Cinquante-huit ans après les indépendances, tout reste encore à faire, et il était important d’orienter une proportion importante des contributions publiques vers la satisfaction des besoins des contribuables (les besoins sociaux de base). Cette fausse note dans la présentation de la programmation budgétaire pluriannuelle du Burkina Faso fragilise les fondements de cet édifice et l’éloigne quelque peu des préoccupations du plus grand nombre. Elle pourrait priver le gouvernement de l’adhésion populaire au moment de sa mise en œuvre ou, plus tard, au moment du bilan. La conséquence d’une telle situation, c’est la baisse de la croissance qui passe de 7,1% en 2018 à 6,6% en 2019, soit un ralentissement de ½ point par rapport à la progression précédente ; et cela est autant de recul dans la marche du pays vers le développement. Pour ce qui est de la mise en œuvre du PNDES, le recul des investissements va influer négativement sur son effectivité. Les prévisions de réalisations pariaient sur une croissance de 7,7%. L’écart qui se dégage entre lesdites prévisions et le taux réel en 2019 de croissance est 1,1%. Il est vrai que contrairement au contenu du document de programmation budgétaire, ce recul ne peut pas seulement être imputé aux printemps des revendications salariales. Il y a aussi les questions sécuritaires avec plusieurs attaques sur le territoire national, la mauvaise pluviométrie avec des conséquences sur les premiers produits d’exportation, la faiblesse du cours de l’or.
Enfin, un facteur déterminant qui va aussi peser dans la balance, c’est le taux de croissance de la population qui viendra grever davantage les perspectives de croissance. Pour conclure, il nous semble important de signaler que le cadrage budgétaire pluriannuel est un excellent outil d’instauration d’une bonne discipline budgétaire. Il doit être permettre la conduite effective et efficace du Plan national de développement économique et social. Depuis l’année dernière, le Burkina Faso est à sa deuxième programmation, c’est un grand effort et l’expression d’une forte volonté politique d’aller vers une gestion maitrisée des moyens financiers.

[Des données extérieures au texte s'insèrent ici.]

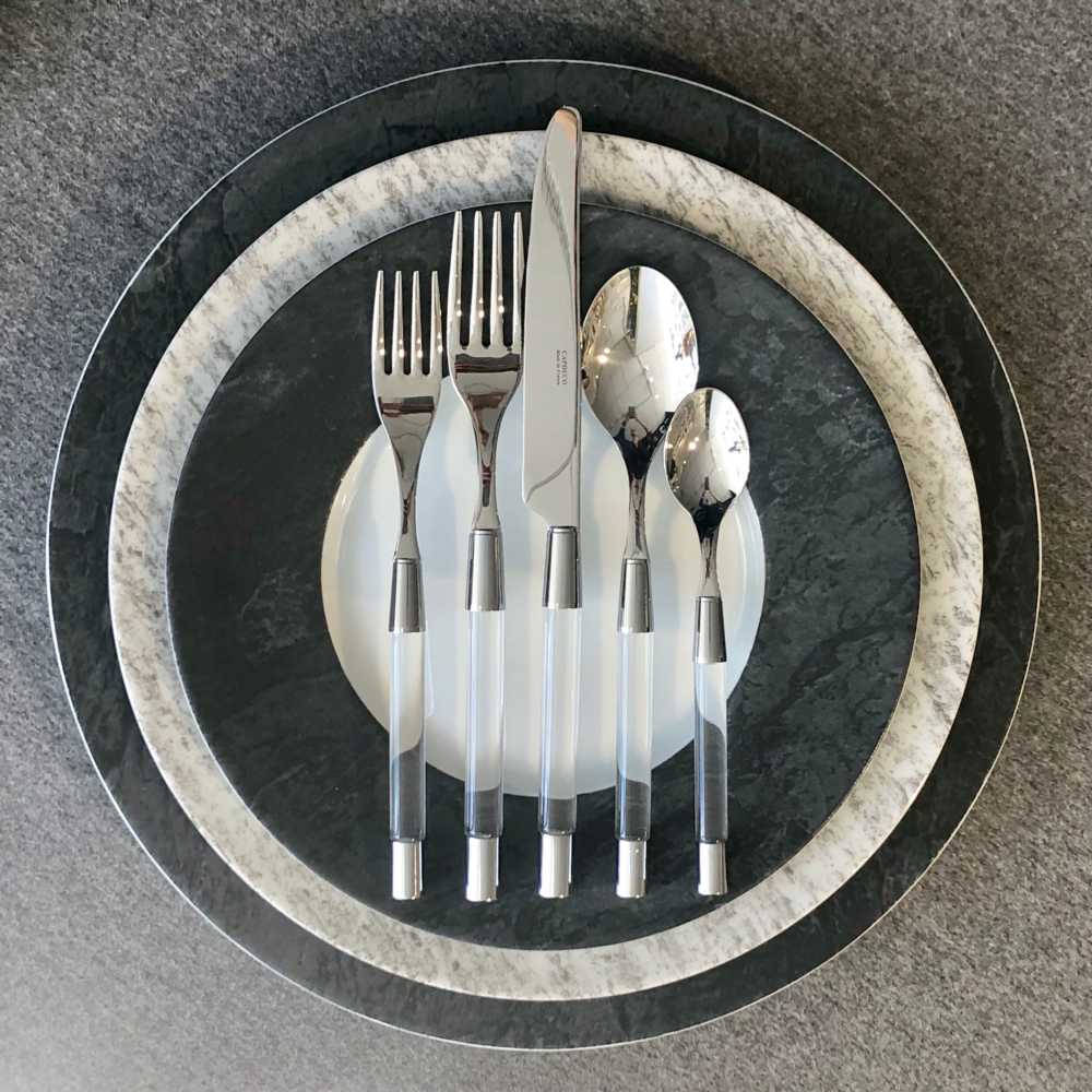 Our Zoe collection is simple and tasteful. The clear acrylic handle bolstered by a chrome-turned-brass ferrule reinforces the durability of stainless-steel construction in this flatware collection. Zoe, in all its beauty, will compliment your table and delight your guests.
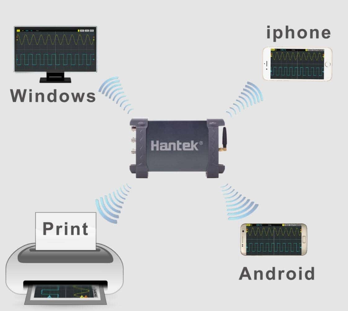 Hantek releases the first iPad WIFI oscilloscope - iDSO1070 Series in China officially on May 30th, 2016. It can support multi-touch operation, WIFI connection(or USB connection), WIFI Direct connection/via router, build-in lithium battery which can last over 4 hours no need of external power, floating measurement which is safe and convenient. It can connect iPad and Phone at the same time. When operating on iPad, it can also be observed on iPhone. Good mechanical design with small size which is convenient for traveling.
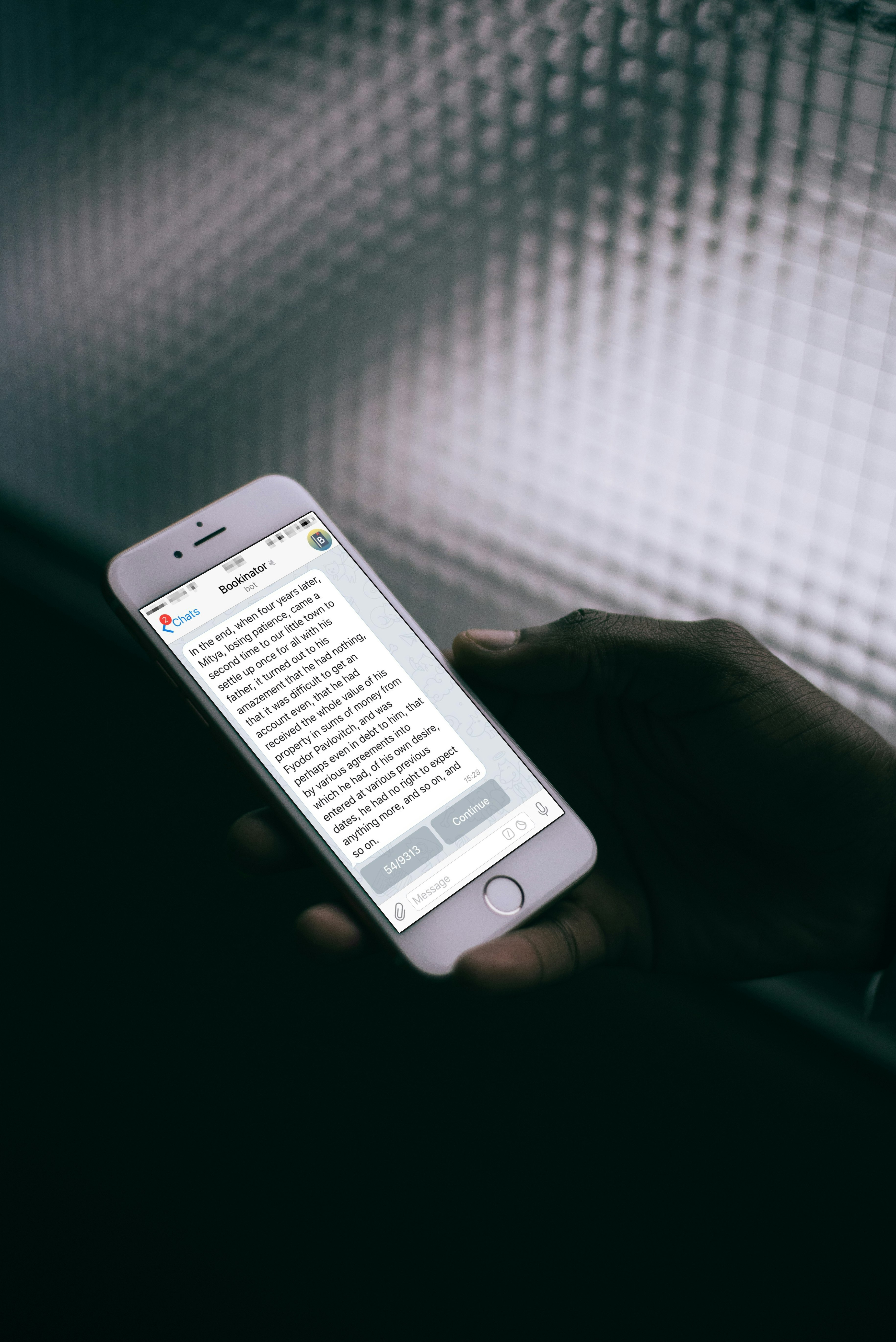 Bookinator is a telegram bot that picks up a file you sent it (it supports fb2, epub, mobi or just plain txt if you have nothing better to do), applies some basic text formatting to match up with the book, splits it into compact messages that fit your screen just right, and sends them back to you, one by one, pictures i… See more

Mais, une telle volonté restera vaine si elle ne rencontre pas le vouloir vivre en commun de tous ; avec un élan particulier pour l’intérêt général au détriment de l’intérêt particulier ou corporatiste. Autrement, il faudra réfléchir à un contrat social qui gèlera toutes les revendications sociales afin de permettre la mise en œuvre, sur une période donnée, d’un programme chiffré et mesurable de développement économique et social partagé.